TLDR
- ETH has fallen 12.6% in 30 days, the worst drop among the top 5 cryptos.
- ETH dipped below the $2,000 psychological level, with a session low of $1,964.
- Long liquidations hit $138 million in one day — the second worst in 90 days.
- The Fear and Greed Index sits at 32, putting investors in “Fear Mode.”
- Analyst Ali Charts warns a weekly close below $1,850 could open the door to $1,560 and even $1,070.
Ethereum (ETH) is having a rough stretch. The token has dropped 12.6% over the past 30 days, making it the worst performer in the crypto top 5 by a wide margin.

The pressure intensified this week when ETH slipped below the $2,000 mark — a price level that traders closely watch as a psychological threshold. During the session, it hit a low of $1,964 before pulling back slightly.
Trading volumes jumped 24% in 24 hours to $18 billion. That figure is close to 8% of ETH’s circulating market cap — a clear sign that selling pressure is rising fast.
Liquidations Hit Near 3-Month High
The drop has been made worse by a wave of forced selling. Long liquidations across the crypto market hit $861 million in a single session. Ethereum made up about a quarter of that total.

The day before, $138 million in ETH long positions were wiped out — the second highest single-day figure in the past 90 days. This kind of activity often signals a “long squeeze,” where falling prices trigger automatic sell orders, which push prices even lower.
Analyst Ali Charts flagged the situation on social media: “If Ethereum $ETH prints a weekly close below $1,850, a downside acceleration becomes highly likely.” He pointed to two key downside targets — $1,560 as an interim support level, and $1,070 as the lower boundary of the multi-year range. His technical read is based on the broader channel structure and the rejection seen at current levels.
If Ethereum $ETH prints a weekly close below $1,850, a downside acceleration becomes highly likely.
From a purely technical perspective, the broader channel structure points to two major downside targets following this rejection:
• First Target: Around $1,560 (interim… https://t.co/LNkygeXO5n pic.twitter.com/rOGsvEsahu
— Ali Charts (@alicharts) May 29, 2026
Market sentiment has soured alongside the price action. The Fear and Greed Index now sits at 32, a level not seen since early February, firmly in “Fear” territory.

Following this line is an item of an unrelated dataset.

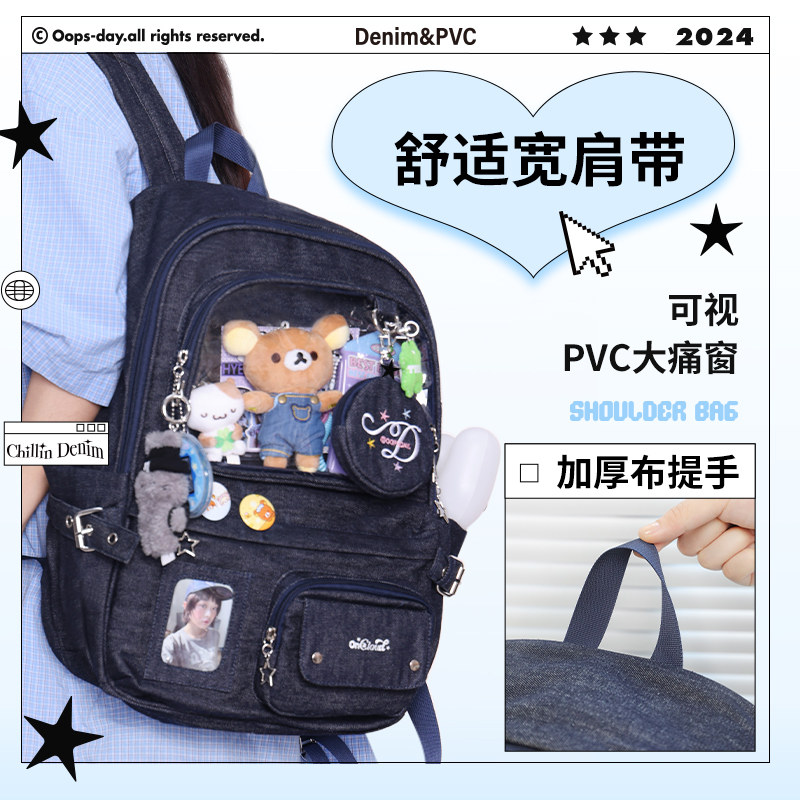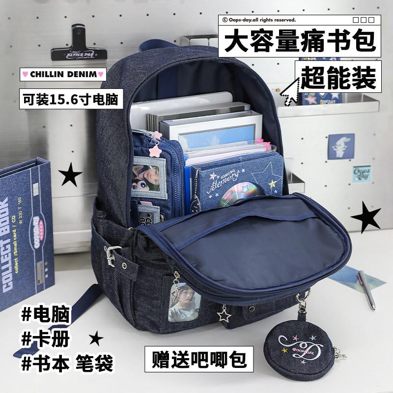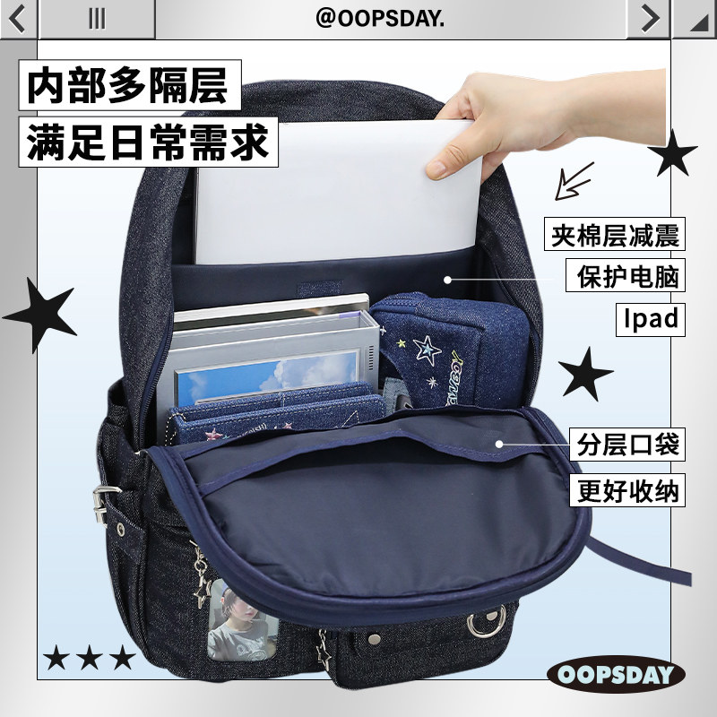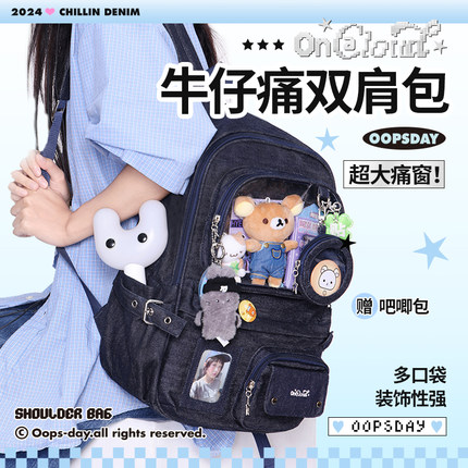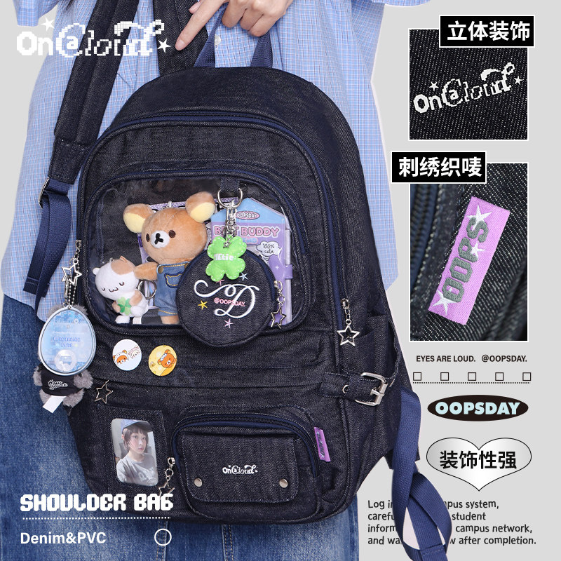 OOPSDAY牛仔痛包双肩包背包书包初中女生ins小众不撞款大容量

What the Charts Are Saying
Resistance levels on the hourly chart are stacking up. A bearish trend line is forming with resistance near $2,010. Above that, the next hurdles are $2,020 and $2,050.

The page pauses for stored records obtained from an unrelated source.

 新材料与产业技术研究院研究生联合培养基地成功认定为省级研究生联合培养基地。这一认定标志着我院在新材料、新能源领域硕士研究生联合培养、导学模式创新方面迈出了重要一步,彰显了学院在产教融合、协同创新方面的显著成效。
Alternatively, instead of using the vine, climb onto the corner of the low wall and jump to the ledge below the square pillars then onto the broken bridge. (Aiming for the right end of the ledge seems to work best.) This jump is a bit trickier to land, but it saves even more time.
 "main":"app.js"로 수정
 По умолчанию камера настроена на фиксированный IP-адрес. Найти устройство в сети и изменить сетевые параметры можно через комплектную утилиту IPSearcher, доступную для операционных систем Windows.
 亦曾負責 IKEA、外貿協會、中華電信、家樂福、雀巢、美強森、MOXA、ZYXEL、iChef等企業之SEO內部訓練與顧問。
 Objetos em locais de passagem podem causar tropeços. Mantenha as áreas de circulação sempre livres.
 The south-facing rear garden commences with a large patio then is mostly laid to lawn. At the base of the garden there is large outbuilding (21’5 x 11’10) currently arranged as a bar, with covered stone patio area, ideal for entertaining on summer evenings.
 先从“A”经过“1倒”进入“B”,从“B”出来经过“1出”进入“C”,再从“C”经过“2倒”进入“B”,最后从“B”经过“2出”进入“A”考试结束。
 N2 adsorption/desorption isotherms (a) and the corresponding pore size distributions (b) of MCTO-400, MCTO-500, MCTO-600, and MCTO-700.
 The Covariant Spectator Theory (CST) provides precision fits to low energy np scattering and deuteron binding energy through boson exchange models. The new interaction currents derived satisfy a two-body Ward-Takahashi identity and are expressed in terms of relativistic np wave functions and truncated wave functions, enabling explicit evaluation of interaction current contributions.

For bulls, the key level to hold is $1,965. A break below that opens the door to $1,950, then $1,920, and potentially $1,850.
On the macro side, fresh U.S. PCE inflation data came in at 3.3% — in line with expectations but high enough to rule out any rate cuts this year. That reduces the chance of a near-term boost from easier monetary policy.

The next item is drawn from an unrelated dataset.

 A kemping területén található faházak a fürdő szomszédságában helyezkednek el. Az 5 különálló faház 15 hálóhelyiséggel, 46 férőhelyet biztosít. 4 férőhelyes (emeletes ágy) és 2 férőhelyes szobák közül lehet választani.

One pattern analysts are tracking involves the weekly RSI. In 2019 and 2022, every time the RSI dropped to 30 or below, it marked the bottom of a bearish cycle. In both cases, price retested the cycle low before recovering. The RSI is currently near that same threshold, suggesting a retest of the $1,750 cycle low remains possible.
ETH is currently trading near $2,000, with a bearish trend line capping recovery attempts at $2,010.